<<<<

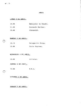 Agendas y registros de actividades oficiales realizadas entre marzo y abril de 1990
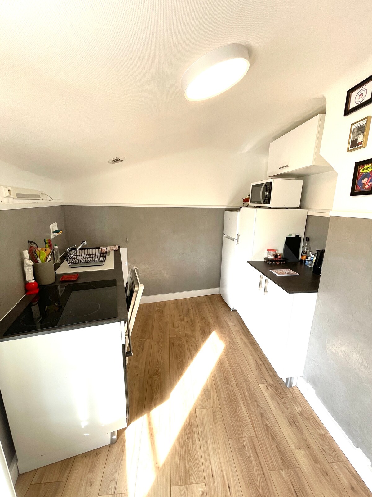 Logement/studio meublé 1 seule pièce), tout équipé, 17m² au rez de chaussée d'une maison, à 10 min en transport du centre Lyon. Lumineux, tout confort, refait à neuf par l’architecte propriétaire. Literie confort, 1 lit double de 160cm. Espace cuisine/bar/salle d’eau. Accès direct terrasse+jardin (100m² à usage locataires). Lave-vaisselle, four/micro-ondes, grand réfrigérateur, plaques électriques ATTENTION : WC séparés, sur le palier. A usage unique locataires. Wifi gratuit
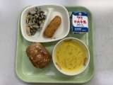 【今日の献立】 ごはん ミンチカツ 切り干し大根サラダ かきたま汁 今日は...
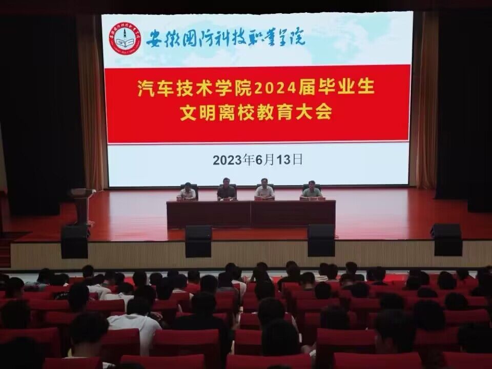 本网讯(汽车技术学院 黄世超) 为贯彻落实学校关于毕业生工作的有关要求,加强毕业生离校管理,帮助解答学生毕业离校过程中的疑惑,促进毕业生爱校荣校,推动2024届毕业生离校工作安全、文明、有序开展,6月13日,汽车技术学院在产教融合中心报告厅隆重举行汽车技术学院2024届毕业生文明离校教育大会。汽车技术学院党总支书记、院长孙良平、党总支副书记余桂刚、副院长姜继文、2024届毕业班班主任参加了本次会议。
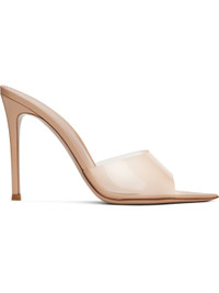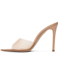 Handcrafted patent leather mules in beige. · Open pointed toe · Semi-transparent vinyl strap at vamp · Logo stamp at padded leather footbed · Covered stiletto heel with rubber injection · Leather sole · Heel: H4" Supplier color: Beige Upper: leather, thermoplastic polyurethane. Sole: leather, rubber. Made in Italy 251090F125007
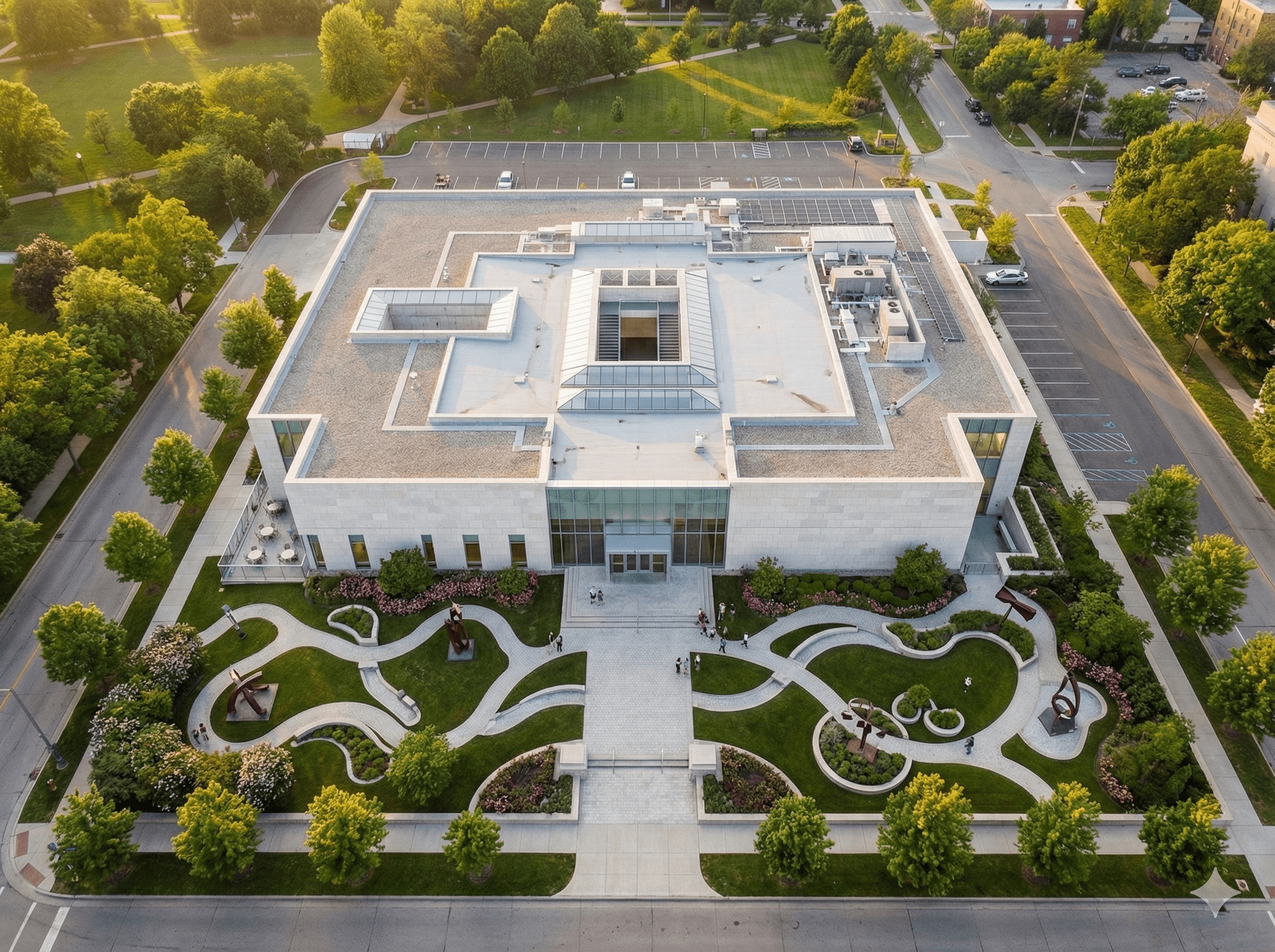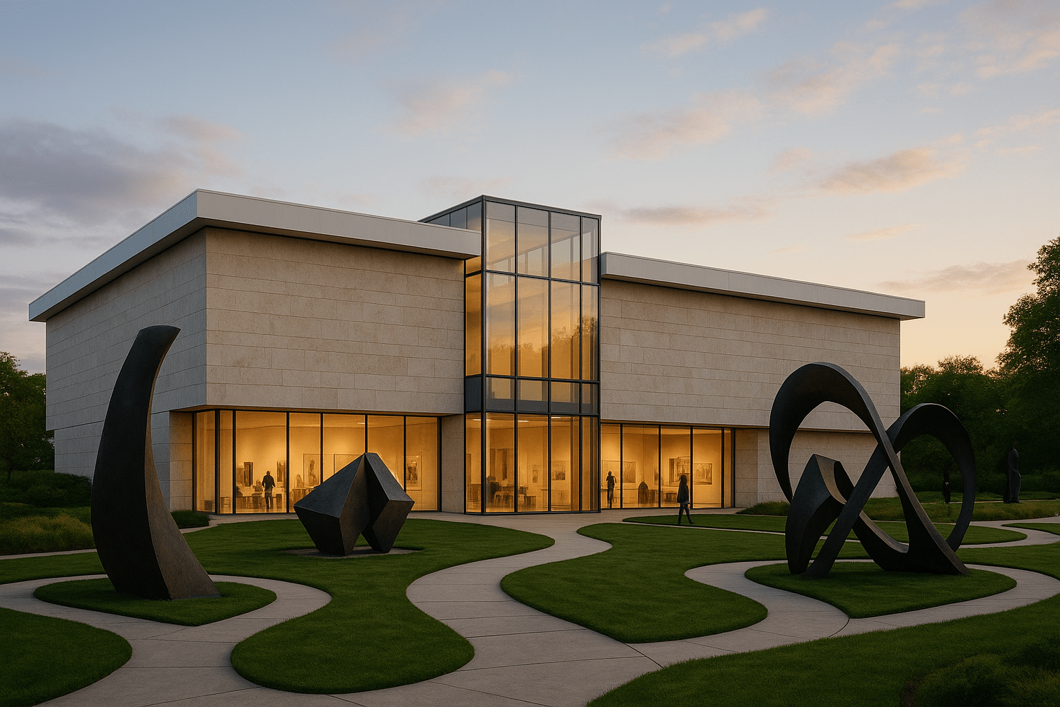 환경: 구불구불한 산책로가 있는 정원과 추상적 금속 조각들.

>>>>

→ **About this task**: Please retype exactly the lines from the line containing "Logement/studio meublé 1" through the final line of the records above, inclusive, leaving out any pictures.

→ **Exercise response**:
 Logement/studio meublé 1 seule pièce), tout équipé, 17m² au rez de chaussée d'une maison, à 10 min en transport du centre Lyon. Lumineux, tout confort, refait à neuf par l’architecte propriétaire. Literie confort, 1 lit double de 160cm. Espace cuisine/bar/salle d’eau. Accès direct terrasse+jardin (100m² à usage locataires). Lave-vaisselle, four/micro-ondes, grand réfrigérateur, plaques électriques ATTENTION : WC séparés, sur le palier. A usage unique locataires. Wifi gratuit
 【今日の献立】 ごはん ミンチカツ 切り干し大根サラダ かきたま汁 今日は...
 本网讯(汽车技术学院 黄世超) 为贯彻落实学校关于毕业生工作的有关要求,加强毕业生离校管理,帮助解答学生毕业离校过程中的疑惑,促进毕业生爱校荣校,推动2024届毕业生离校工作安全、文明、有序开展,6月13日,汽车技术学院在产教融合中心报告厅隆重举行汽车技术学院2024届毕业生文明离校教育大会。汽车技术学院党总支书记、院长孙良平、党总支副书记余桂刚、副院长姜继文、2024届毕业班班主任参加了本次会议。
 Handcrafted patent leather mules in beige. · Open pointed toe · Semi-transparent vinyl strap at vamp · Logo stamp at padded leather footbed · Covered stiletto heel with rubber injection · Leather sole · Heel: H4" Supplier color: Beige Upper: leather, thermoplastic polyurethane. Sole: leather, rubber. Made in Italy 251090F125007
 환경: 구불구불한 산책로가 있는 정원과 추상적 금속 조각들.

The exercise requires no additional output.